Laporan Wartawan Tribunnews.com, Reynas Abdila
TRIBUNNEWS.COM, JAKARTA - Direktur Pengembangan Pita Lebar Direktorat Jenderal Penyelenggara Pos dan Informatika Kementerian Komunikasi dan Informatika (Kemenkominfo), Marvels Parsaoran Situmorang mengakui jaringan 5G di Indonesia tidak secepat di negara-negara tetangga.
Menurutnya, hal itu disebabkan kurangnya permintaan untuk kasus pemanfaatan (use case).
"Kalau pertanyaan kenapa sih lambat, itu soal supply dan demand," kata Marvels di Kantor Kominfo, Jakarta, Jumat (2/8/2024).

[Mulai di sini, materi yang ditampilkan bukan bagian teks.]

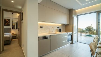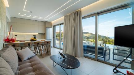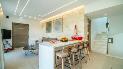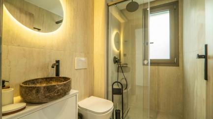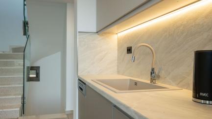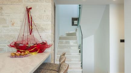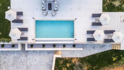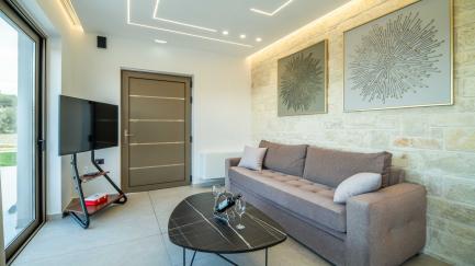 Construction of the villa was finished in January 2026, and the villa offers a scenic pool with panoramic views of the sea and the countryside. Inside, the villa has 3 floors and a total of 5 bedrooms: two on the first floor, two on the ground floor, and one on a lower floor that is just as comfortable and well equipped. A comfortable indoor dining area offers beautiful views of the pool, countryside, and the sea. There is also an outdoor area furnished for al fresco dining.

Baca juga: Anak Usaha Jakpro Kembangkan Konsep Penerangan Jalan Umum Pintar, Adopsi Jaringan 5G
Tidak dapat dipungkiri, imbuh dia, permintaan menjadi faktor kunci bagi operator telekomunikasi guna mengoptimalkan jaringan 5G.
Contohnya pemanfaatan potensial untuk jaringan 5G yang akan dipakai pada kendaraan otonom di Ibu Kota Nusantara (IKN) nanti.
Bus tanpa awak itu kelak beroperasi di jaringan 5G dengan bantuan sensor-sensor.
Hanya saja, infrastruktur pendukung seperti backhaul yang andal masih belum mencukupi.
“Teknologi sensor ini memerlukan latensi rendah dan kualitas tinggi yang hanya dapat dicapai dengan menggunakan serat optik, bukan microwave,” ucap Marvels.
Kominfo mencatat permukiman bersinyal 5G di Indonesia baru sebesar 2,5 persen dengan jumlah site sebanyak 376 site.
Sedangkan permukiman bersinyal 4G sudah mencapai 96,84 persen dengan jumlah site sebanyak 442.210 site.
Baca juga: Kolaborasi Telkomsel dan ZTE Uji Coba Jaringan 5G di Kawasan Maritim Indonesia
"Jadi intinya jaringan 5G tergantung demand-nya yang belum kelihatan sampai sekarang. Sekarang kembali lagi kayak ayam sama telur, supply dulu baru demand-nya kelihatan atau demand dulu baru supply datang dan kembali lagi ke strateginya korporat," kata Marvels.
Sejauh ini baru dua operator seluler sudah menyediakan paket khusus jaringan 5G yakni Telkomsel dan Indosat Ooredoo Hutchison.
Operator seluler lainnya sudah mengantongi Surat Keterangan Laik Operasi (SKLO) 5G dari pemerintah antara lain Smartfren dan XL Axiata.